In this connection it is understood that from time to time you
will employ or associate with yourself such person or persons as you may
believe to be particularly fitted to assist you in the performance of this
Agreement. Such person or persons may be officers or employees who are
employed by both you and the Fund. The compensation of such person or
persons shall be paid by you and no obligation may be incurred on the Fund's
behalf in any such respect.
Subject to the supervision and approval of the Fund's Board, you
will provide investment management of each Series' portfolio in accordance
with such Series' investment objectives and policies as stated in its Pros
pectus and the Statement of Additional Information as from time to time in
effect. In connection therewith, you will obtain and provide investment
research and will supervise each Series' investments and conduct a
continuous program of investment, evaluation and, if appropriate, sale and
reinvestment of such Series' assets.
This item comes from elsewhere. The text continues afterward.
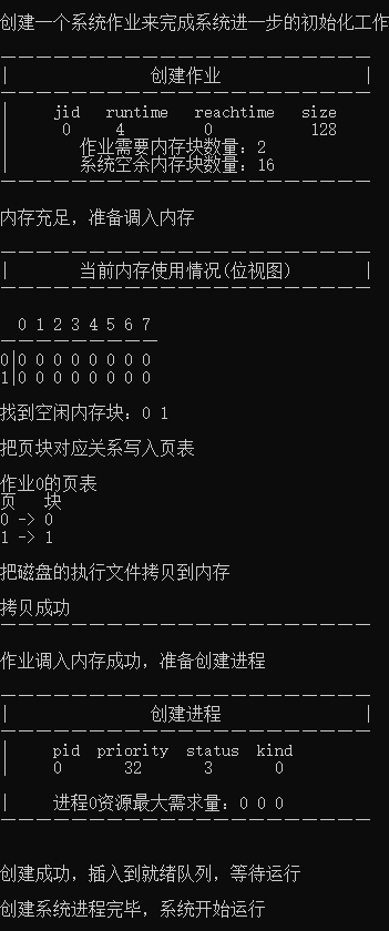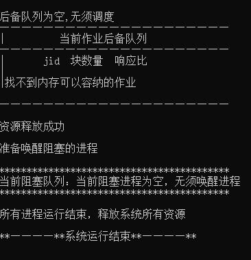 处理机调度包括作业调度和进程调度两个部。作业调度采用高响应比优先调度算法,进程调度采用抢占式优先级调度算法。

You will furnish to the Fund such
statistical information, with respect to the investments which a Series may
hold or contemplate purchasing, as the Fund may reasonably request. The
Fund wishes to be informed of important developments materially affecting
any Series' portfolio and shall expect you, on your own initiative, to
furnish to the Fund from time to time such information as you may believe
appropriate for this purpose.
In addition, you will supply office facilities (which may be in
your own offices), data processing services, clerical, accounting and
bookkeeping services, internal auditing and legal services, internal
executive and administrative services, and stationery and office supplies;
carry such fidelity and other insurance as may be deemed appropriate and
desirable; prepare reports to each Series' stockholders, tax returns,
reports to and filings with the Securities and Exchange Commission and state
Blue Sky authorities; calculate the net asset value of each Series' shares;
and generally assist in all aspects of the Fund's operations. You shall
have the right, at your expense, to engage other entities to assist you in
performing some or all of the obligations set forth in this paragraph,
provided each such entity enters into an agreement with you in form and
substance reasonably satisfactory to the Fund. You agree to be liable for
the acts or omissions of each such entity to the same extent as if you had
acted or failed to act under the circumstances.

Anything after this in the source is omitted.